Every SKIP_RESULT must name (a) a reason taxonomy entry and (b) a scope (which records would have been emitted if this hadn't happened). The run's DONE carries a histogram: skipped_by_reason: {rate_limit_429: 4188, credit_card_export_unverified: 2, pdf_template_unknown: 2}. Dashboards can render "chatgpt: 10,596 records, 4,188 skipped (rate limit)".

Pro: makes silent partial-completeness loud. Orthogonal to run-level status.
Con: requires every connector to agree on reason taxonomy.

Option D — Explicit retry/resume contract

A connector can end a run with status: needs_retry + a retry_hint describing what to retry. Scheduler/orchestrator picks this up and re-queues. For Case C, the hint is "retry after 10 minutes excluding C017NG64T24". For Case E, "retry after 24h for the 4,188 conversations in this skip list."

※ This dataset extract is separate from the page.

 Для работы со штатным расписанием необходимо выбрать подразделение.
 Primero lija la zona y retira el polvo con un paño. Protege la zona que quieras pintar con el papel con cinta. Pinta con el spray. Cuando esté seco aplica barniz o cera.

Pro: turns the binary into a graph — runs can chain into completion.
Con: needs orchestrator changes; who is responsible for honoring retry hints when the orchestrator is "cron" or "the user"?

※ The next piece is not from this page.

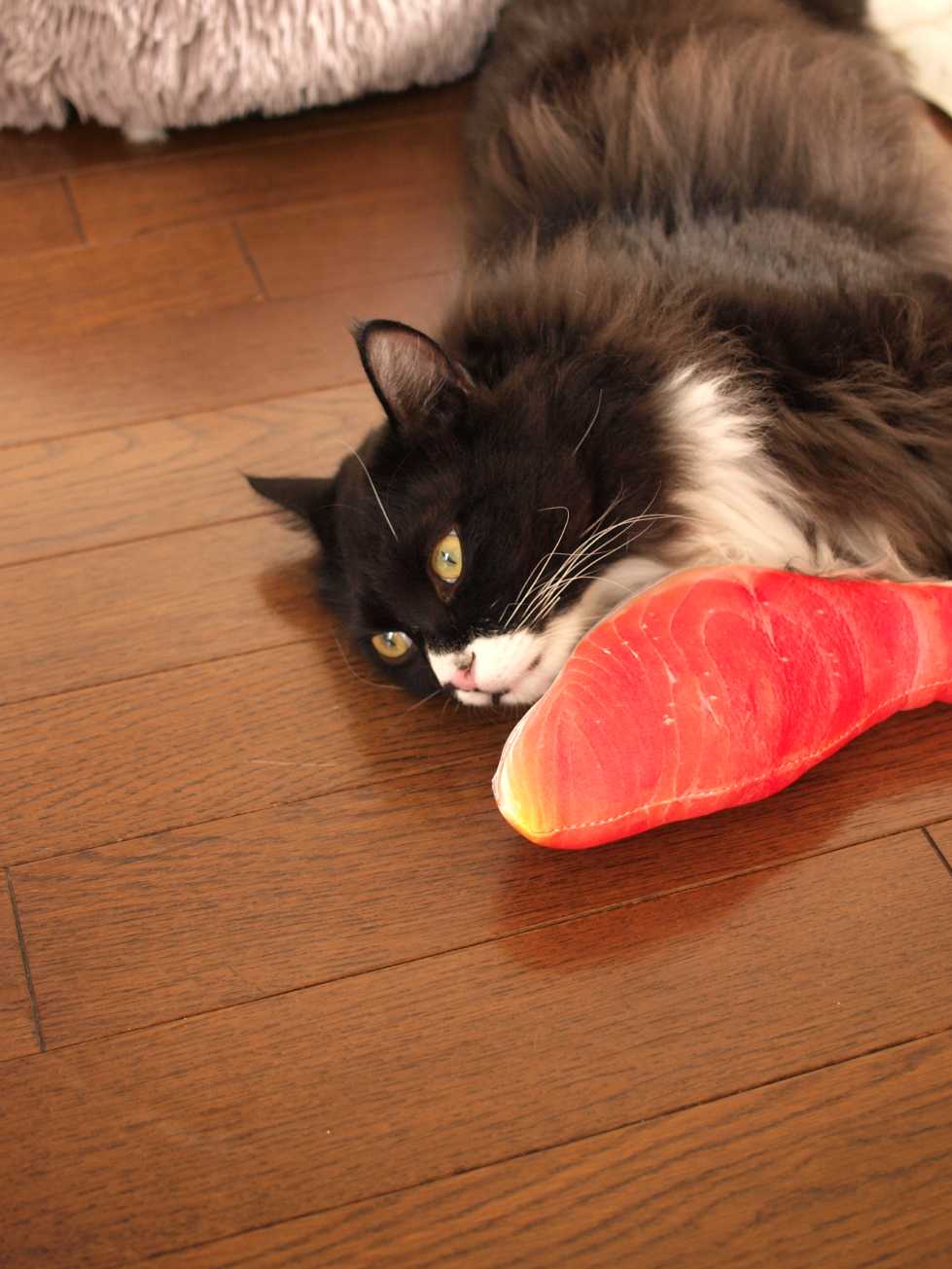 シャケでくつろぐくーちゃん。

Option E — Do nothing; document workarounds

Keep binary run status. Require connectors to document their own partial-data behavior and env-var escape hatches.

Pro: zero spec change.
Con: workarounds proliferate (PDPP_SLACK_SKIP_SLACKDUMP style), no cross-connector consistency, silent data loss remains undetectable.

Trade-offs to weigh

Downstream complexity — a partially_completed state forces every consumer to think about partial. Some consumers want binary.
Audit rigor — regulators / Linux Foundation review will ask "how do you know a run didn't drop data on the floor?" A protocol-level answer is worth more than per-connector answers.
Retry economics — some retries are free (idempotent APIs), some cost money (rate-limited APIs with tight 429 budgets). A retry_hint mechanism needs cost-awareness.
Owner clarity in self-export — an owner self-exporting their data wants to know "am I missing anything?" The current protocol can't answer that question at all.

Action items

Decide A–E. Several of the options compose (B + C, B + D, C + D) and the decision is about which combination, not which single option.
If B: add records_durable_in_rs field to run.failed spine events; document that RS contents are authoritative, spine status is about the attempt.
If C: define skip-reason taxonomy (start with the five cases above); mandate histogram in DONE.
If D: define retry_hint schema + scheduler contract.
Revisit all five design notes that document existing per-connector workarounds — they become "examples" under the unified semantics rather than standalone gaps.

Why this is a spec-level question, not a connector bug

Each of the five cases can be "fixed" at the connector level by making it not fail (retry forever, swallow errors, etc.). But that fix makes partial-data less visible, not more. A protocol that cares about owner agency and audit integrity needs to make partial-data explicit. The question is what shape that explicitness takes — not whether to have it.